Published by the Students of Johns Hopkins since 1896
June 22, 2024

There's a beautiful city out there waiting to be explored

By MEGAN DiTROLIO | November 6, 2014

When you think of the Johns Hopkins University’s Homewood campus, located in the heart of Baltimore, you know it as a pretty and composed campus that has easy access to the affluent Inner Harbor. It’s the living embodiment of the pictures that all of the welcome brochures contain, and as a giddy, 17-year-old incoming freshman, you really think that you’ll experience all that Baltimore has to offer. After all, you wanted a city school for a reason — it’s full of off-campus activities. You yearned for an urban environment, but many don’t realize all of the facets that come with a city in its entirety.

Unfortunately, I, like many students, don’t fully understand Baltimore — the real city that has seemingly disappeared under the influence of Hopkins. It saddens me to identify with a city and community when I only really know my own small portion of it. We hardly know of, and some of us may even be afraid to discover, the community just a mile off of campus.

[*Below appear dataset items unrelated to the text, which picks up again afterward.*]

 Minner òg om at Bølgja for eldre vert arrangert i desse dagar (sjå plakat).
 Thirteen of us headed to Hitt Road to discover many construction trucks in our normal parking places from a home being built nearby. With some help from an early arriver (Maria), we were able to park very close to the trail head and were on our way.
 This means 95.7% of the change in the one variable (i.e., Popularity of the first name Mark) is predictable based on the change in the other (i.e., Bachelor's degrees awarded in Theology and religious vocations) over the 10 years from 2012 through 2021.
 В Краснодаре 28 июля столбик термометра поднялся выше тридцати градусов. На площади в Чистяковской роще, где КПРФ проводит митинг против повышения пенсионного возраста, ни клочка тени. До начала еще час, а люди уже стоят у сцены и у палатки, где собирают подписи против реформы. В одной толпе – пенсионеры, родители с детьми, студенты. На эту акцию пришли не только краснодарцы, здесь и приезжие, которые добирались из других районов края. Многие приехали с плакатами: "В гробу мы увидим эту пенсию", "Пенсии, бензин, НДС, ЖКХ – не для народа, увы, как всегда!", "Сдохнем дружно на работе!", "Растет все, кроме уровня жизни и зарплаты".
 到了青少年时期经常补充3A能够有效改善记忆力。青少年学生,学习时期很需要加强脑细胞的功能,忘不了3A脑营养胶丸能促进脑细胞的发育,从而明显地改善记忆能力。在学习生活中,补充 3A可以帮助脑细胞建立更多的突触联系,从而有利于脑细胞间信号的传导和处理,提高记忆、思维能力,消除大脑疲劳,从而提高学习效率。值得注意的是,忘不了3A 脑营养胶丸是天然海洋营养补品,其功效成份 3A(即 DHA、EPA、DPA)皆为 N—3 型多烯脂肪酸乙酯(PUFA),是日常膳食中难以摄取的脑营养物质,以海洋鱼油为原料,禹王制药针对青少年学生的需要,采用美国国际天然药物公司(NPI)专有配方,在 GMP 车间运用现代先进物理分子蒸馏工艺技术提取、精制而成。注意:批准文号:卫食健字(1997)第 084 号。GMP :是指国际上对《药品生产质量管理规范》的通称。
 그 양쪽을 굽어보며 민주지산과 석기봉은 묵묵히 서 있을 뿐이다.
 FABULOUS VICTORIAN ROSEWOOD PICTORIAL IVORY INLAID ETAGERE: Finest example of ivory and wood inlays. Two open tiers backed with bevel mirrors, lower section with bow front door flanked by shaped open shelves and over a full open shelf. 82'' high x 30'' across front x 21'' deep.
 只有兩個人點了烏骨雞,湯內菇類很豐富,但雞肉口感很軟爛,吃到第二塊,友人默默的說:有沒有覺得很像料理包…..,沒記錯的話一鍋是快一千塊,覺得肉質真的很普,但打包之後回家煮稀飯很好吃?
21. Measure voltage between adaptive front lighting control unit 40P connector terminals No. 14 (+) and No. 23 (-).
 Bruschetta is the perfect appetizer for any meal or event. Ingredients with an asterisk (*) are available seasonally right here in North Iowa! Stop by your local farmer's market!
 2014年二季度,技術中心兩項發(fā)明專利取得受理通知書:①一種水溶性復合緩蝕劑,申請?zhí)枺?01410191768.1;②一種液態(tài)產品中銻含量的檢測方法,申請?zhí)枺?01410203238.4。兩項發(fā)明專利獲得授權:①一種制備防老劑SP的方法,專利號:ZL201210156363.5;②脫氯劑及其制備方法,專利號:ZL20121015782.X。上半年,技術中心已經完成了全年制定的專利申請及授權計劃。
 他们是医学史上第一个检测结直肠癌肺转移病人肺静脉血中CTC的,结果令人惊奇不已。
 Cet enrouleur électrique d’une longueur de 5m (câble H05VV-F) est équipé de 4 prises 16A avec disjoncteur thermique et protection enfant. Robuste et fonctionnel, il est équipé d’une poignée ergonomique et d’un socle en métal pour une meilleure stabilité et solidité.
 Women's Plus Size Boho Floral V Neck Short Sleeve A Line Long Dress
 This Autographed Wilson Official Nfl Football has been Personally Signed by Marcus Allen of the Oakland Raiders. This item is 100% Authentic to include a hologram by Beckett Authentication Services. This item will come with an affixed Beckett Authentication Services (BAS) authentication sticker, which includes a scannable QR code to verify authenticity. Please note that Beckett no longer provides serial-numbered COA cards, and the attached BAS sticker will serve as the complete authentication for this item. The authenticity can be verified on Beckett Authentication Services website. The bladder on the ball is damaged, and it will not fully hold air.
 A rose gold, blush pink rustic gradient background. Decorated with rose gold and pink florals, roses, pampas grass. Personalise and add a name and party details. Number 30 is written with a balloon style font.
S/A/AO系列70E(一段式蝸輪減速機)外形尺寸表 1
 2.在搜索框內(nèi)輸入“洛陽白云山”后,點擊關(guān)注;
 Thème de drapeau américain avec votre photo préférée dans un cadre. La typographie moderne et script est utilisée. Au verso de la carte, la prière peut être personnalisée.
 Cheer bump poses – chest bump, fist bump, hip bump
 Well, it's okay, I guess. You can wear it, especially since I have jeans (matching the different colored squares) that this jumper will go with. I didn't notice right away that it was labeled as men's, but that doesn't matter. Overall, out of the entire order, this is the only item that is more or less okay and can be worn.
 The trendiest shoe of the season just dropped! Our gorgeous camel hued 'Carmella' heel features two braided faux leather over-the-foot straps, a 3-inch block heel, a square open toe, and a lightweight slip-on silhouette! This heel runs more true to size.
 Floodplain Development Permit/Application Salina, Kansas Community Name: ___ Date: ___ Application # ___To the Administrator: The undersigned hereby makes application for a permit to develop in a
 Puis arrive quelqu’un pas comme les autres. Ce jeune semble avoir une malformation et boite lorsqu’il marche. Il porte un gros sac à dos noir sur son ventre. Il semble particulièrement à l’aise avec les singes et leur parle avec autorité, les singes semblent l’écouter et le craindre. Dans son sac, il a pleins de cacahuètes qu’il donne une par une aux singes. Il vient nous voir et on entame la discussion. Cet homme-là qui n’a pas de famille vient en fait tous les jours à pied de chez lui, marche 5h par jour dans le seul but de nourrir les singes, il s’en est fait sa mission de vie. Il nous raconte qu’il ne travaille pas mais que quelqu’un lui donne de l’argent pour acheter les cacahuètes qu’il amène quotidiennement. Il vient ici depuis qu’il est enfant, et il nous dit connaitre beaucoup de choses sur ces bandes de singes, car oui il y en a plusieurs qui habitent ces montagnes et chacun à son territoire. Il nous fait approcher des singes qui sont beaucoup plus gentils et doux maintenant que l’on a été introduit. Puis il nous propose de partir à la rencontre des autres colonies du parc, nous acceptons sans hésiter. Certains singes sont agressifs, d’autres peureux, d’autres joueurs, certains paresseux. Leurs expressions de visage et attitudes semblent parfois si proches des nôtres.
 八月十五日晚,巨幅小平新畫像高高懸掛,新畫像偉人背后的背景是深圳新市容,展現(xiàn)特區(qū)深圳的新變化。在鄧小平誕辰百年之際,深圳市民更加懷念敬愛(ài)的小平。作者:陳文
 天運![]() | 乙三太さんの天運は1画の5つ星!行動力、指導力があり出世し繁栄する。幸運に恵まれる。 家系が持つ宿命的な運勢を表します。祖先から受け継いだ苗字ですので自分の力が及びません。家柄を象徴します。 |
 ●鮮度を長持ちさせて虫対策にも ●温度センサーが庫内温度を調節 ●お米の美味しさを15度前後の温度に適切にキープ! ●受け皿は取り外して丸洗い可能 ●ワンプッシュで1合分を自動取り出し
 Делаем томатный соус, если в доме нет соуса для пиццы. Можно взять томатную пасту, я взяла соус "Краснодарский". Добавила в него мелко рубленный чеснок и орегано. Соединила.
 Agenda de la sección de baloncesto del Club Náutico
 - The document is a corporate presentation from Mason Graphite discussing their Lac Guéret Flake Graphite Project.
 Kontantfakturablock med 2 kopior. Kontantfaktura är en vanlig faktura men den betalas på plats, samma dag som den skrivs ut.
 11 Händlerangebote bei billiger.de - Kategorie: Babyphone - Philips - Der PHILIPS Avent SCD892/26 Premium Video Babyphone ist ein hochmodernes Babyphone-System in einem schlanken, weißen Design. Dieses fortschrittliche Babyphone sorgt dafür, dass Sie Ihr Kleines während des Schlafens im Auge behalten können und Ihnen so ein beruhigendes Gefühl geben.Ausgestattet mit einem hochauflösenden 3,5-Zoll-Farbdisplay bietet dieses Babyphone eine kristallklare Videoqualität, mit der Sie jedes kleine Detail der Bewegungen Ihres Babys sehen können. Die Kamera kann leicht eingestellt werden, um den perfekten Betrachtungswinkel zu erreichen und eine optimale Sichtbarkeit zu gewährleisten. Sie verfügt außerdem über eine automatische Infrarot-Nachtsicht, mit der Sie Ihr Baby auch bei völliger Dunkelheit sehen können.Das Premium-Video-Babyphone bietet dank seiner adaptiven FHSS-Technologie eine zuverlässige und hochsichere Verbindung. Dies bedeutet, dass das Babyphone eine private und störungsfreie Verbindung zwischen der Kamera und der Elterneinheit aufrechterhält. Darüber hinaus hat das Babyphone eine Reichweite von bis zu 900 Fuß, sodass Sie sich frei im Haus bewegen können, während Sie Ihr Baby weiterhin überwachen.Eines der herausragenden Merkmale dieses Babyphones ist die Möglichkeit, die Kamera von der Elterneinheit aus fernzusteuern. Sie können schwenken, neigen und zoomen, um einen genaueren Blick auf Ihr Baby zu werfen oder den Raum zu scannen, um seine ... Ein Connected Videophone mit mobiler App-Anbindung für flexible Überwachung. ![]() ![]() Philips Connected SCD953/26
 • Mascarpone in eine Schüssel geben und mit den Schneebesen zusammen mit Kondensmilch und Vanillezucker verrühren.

It’s a community that I hastily run through everyday to get to our school’s track. I am uncomfortable with the stark differences that compose the area a mere mile and a half from the place where I attend school, a campus encircled by the patrol routes of HopCops. Waverly is a community that I am uncomfortable with because it is so different from the Baltimore that I’ve come to know. It’s a neighborhood that, despite its negative connotations, has a lot to offer to the Homewood community if we can get out of our comfort zones and embrace it.

It’s a community that offers a farmer’s market every Saturday and a community whose streets occasionally become a stage for a Michael Jackson impersonator who gets the whole neighborhood to dance along with him. It also hosts the Marion House Race to Embrace Independence 5K to support the homeless women and children in the Marion House, a race that I was lucky to participate in with a small but lively team of Hopkins representatives.

During the 2013-2014 academic year, “1469 people were registered in [Center for Social Concern] groups, [totaling] 38,177 hours of service in a semester and had a total economic impact of $845 thousand,” according to Hudson Van Slooten, group management member of the Student Advocacy Board of the Center for Social Concern (CSC). That totals to about 28 percent of the undergrad population at Hopkins working closely with the Baltimore community through CSC programs. Though not incredibly low, this number reflects a Hopkins community that has little involvement in the greater Baltimore area, an area that has accepted a strong Hopkins presence in the city and is in constant need of reform. Only 28 percent of us have a real grasp on the city that we identify as our own. The only way to bridge this gap and to truly understand the city of Baltimore as a whole is to immerse ourselves completely in it.

I recently joined an organization on campus called Story Pals. Every week we go to Barclay Elementary School and work with children on reading and word comprehension. I walked there with a friend who is also in the program. We were nervous going over for the first time, fearing that the children wouldn’t accept us or be uninterested in what we were there to do. Upon entering the classroom, a storm of first graders bombarded us with hugs and affectionate words, begging us to hang out with them and read with them. They had no preconceived notion of us; we were welcomed into their community with open arms. I worked with a girl named Jaeda, who proved to be one of the sweetest first-graders I’ve ever met.

To be honest, I first went to Barclay to be able to log community service on my resume, but I am going back because Jaeda promised to bring me in a picture of her dog, Beebee. Though the school is in an area of Baltimore that I am not super comfortable with and is composed of people far outside of my own little Hopkins world, it is a place that I can identify withI only had to give it a chance.

I’m not saying to storm the streets of Baltimore for random “get to know me’s,” because like any city, there are areas that are unsafe and there are people that have bad intentions. What I am saying is to take a chance on Baltimore. Get to know the community in your backyard. If the people are anything like Jaeda and her classmates, they have a lot to teach us about the place and culture that we, for four short years, identify as home.